Jack McLean
- Full name: John Reginald McLean
- Date of birth: 25 February 1922
- Place of birth: Brisbane, Australia
- Date of death: 24 September 1974 (aged 52)
- Height: 5 ft 11 in (180 cm)
- Weight: 13.2 st (185 lb; 84 kg)
- School: St Laurence's College
- Notable relative(s): Doug McLean Sr (father) Doug McLean Jr (brother) Bill McLean (brother)

Rugby union career
- Position(s): Wing

Provincial / State sides
- Years: Team / Apps / (Points)
- Queensland /  / ()

International career
- Years: Team / Apps / (Points)
- 1946: Australia

= Jack McLean (rugby union, born 1922) =

John Reginald McLean (25 February 1922 – 24 September 1974) was an Australian international rugby union player.

==Biography==
Raised in Brisbane, McLean was the son of Wallabies representative Doug McLean senior. Two of his brothers, Bill and Doug junior, were also capped for the Wallabies. He was educated at St Laurence's College, where he played rugby league. His ironic nickname of "Happy Jack" was coined as he was said to rarely smile.

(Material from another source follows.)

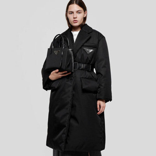 프라다 리나일론 개버딘 푸퍼 벨트 롱패딩 코트

McLean picked up rugby union after joining GPS Old Boys upon leaving school and became a three–quarter like his father, specialising on the wing. He made his Queensland representative debut in 1941, then was out of rugby for a period when he enlisted with the RAAF in World War II. While based with a squadron in England, McLean resumed rugby playing for the RAAF team. He spent the remainder of his rugby career with heavy padding to his right shoulder, having suffered injuries in a plane crash during his service. In 1946, McLean toured New Zealand with the Wallabies, making a total of six appearances, without featuring against the All Blacks.